By NAN Staff Writer
News Americas, NEW YORK, NY, Thurs. July 6, 2017: The New York Police Officer, who city residents were yesterday being urged to keep in their prayers, had roots that ran straight to the Caribbean.
Officer Miosotis Familia was born in Washington Heights, NY but her family is from the Dominican Republic.
The single mother who changed careers from nursing to a cop 12 years ago, was shot while in a NYPD command vehicle with her partner near the corner of Morris Ave and E.183 St. in the Bronx at 12:30 am on July 5th, New York City Police Commissioner James O’Neill said.
Surveillance footage from the scene shows a suspect “purposely” walking up to the command video and firing into the passenger’s side window where Officer Familia was sitting writing in her memo book.
While her partner immediately radioed for assistance, other officers encountered the suspect running, one block away. As the officers confronted the suspect, he drew a revolver and officers fired at him, striking and killing him. A silver revolver was recovered from the scene.

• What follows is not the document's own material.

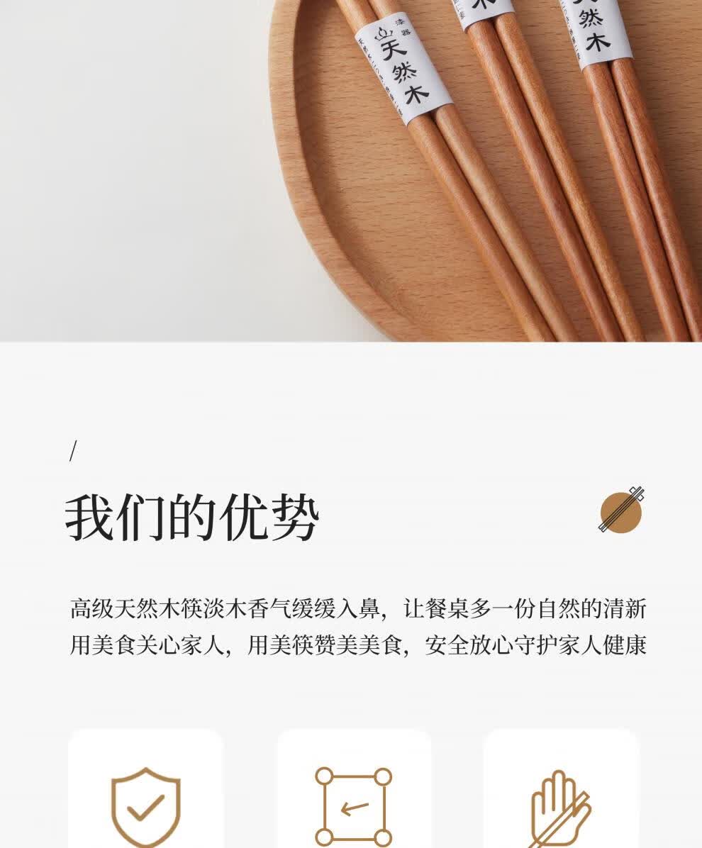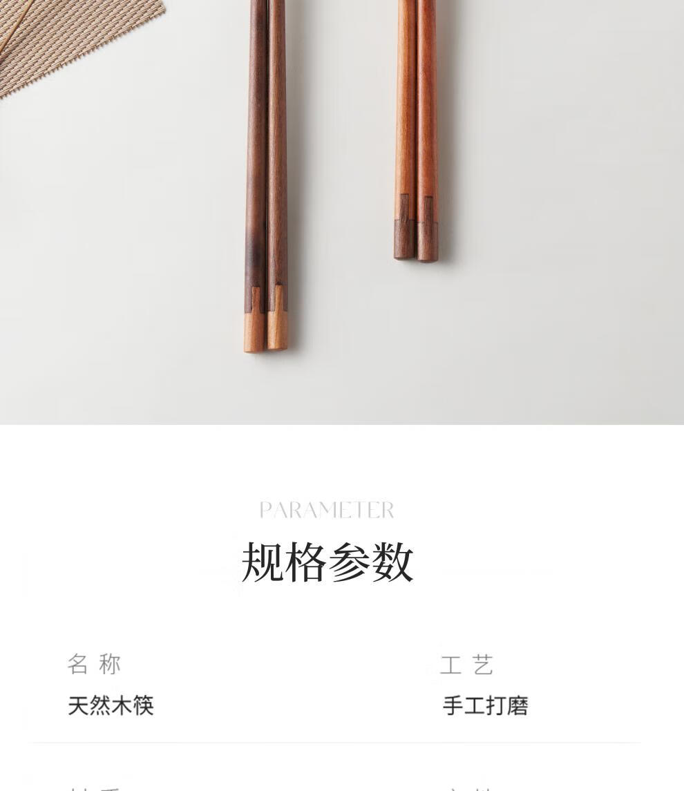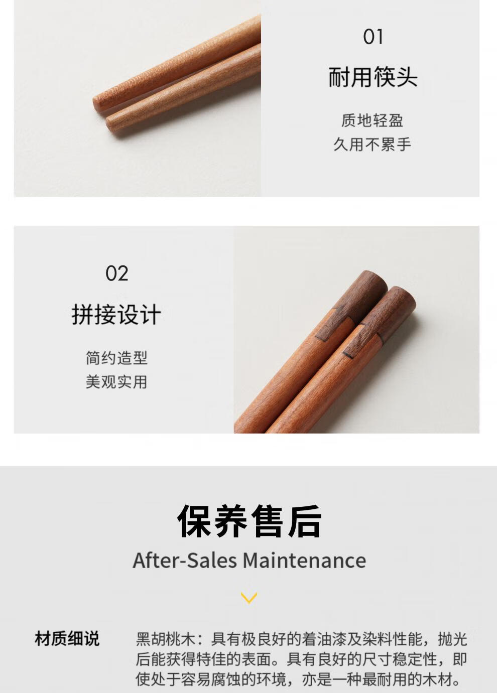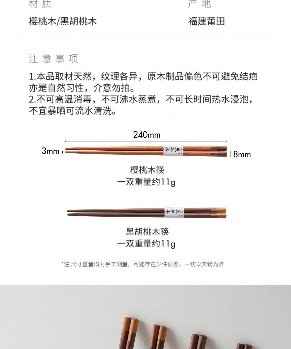MPPMCK筷子一人一双专人专用木头黑胡桃木筷子木筷原木实木筷家用耐高温 食品级检测安全放心用 此项勿拍

The gunman was later identified as 34-year-old New York City resident Alexander Bonds.
Officer Familia was taken to St. Barnabas Hospital, where she was pronounced dead about three hours after the shooting.

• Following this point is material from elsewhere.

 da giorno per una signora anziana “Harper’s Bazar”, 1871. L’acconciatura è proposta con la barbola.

NYPD Commissioner O’Neill said Officer Familia was “murdered for her uniform and for the responsibility she embraced.
Officer Familia, 48, had been assigned to a plainclothes street crime unit of the 46th Precinct. She was a mother of three children and a former Red Cross worker and nurse at New York University Hospital who lived in Kingsbridge Heights, about two miles north of where she was killed.
Officer Familia “gave her life protecting a neighborhood that had been plagued by gang gun violence,” Patrick J. Lynch, president of the Patrolmen’s Benevolent Association, a union for New York City police officers, said Wednesday.
Meanwhile, at the 46th Precinct where Officer Familia worked, officers said they welcomed “prayers for our beloved sister.”
Meanwhile, police says the man who took her life had been paroled in 2013 after being sentenced to eight years in prison for a 2005 armed robbery in Syracuse. He had other arrests, including one in 2001, when as a teenager he was accused of attacking an officer with brass knuckles.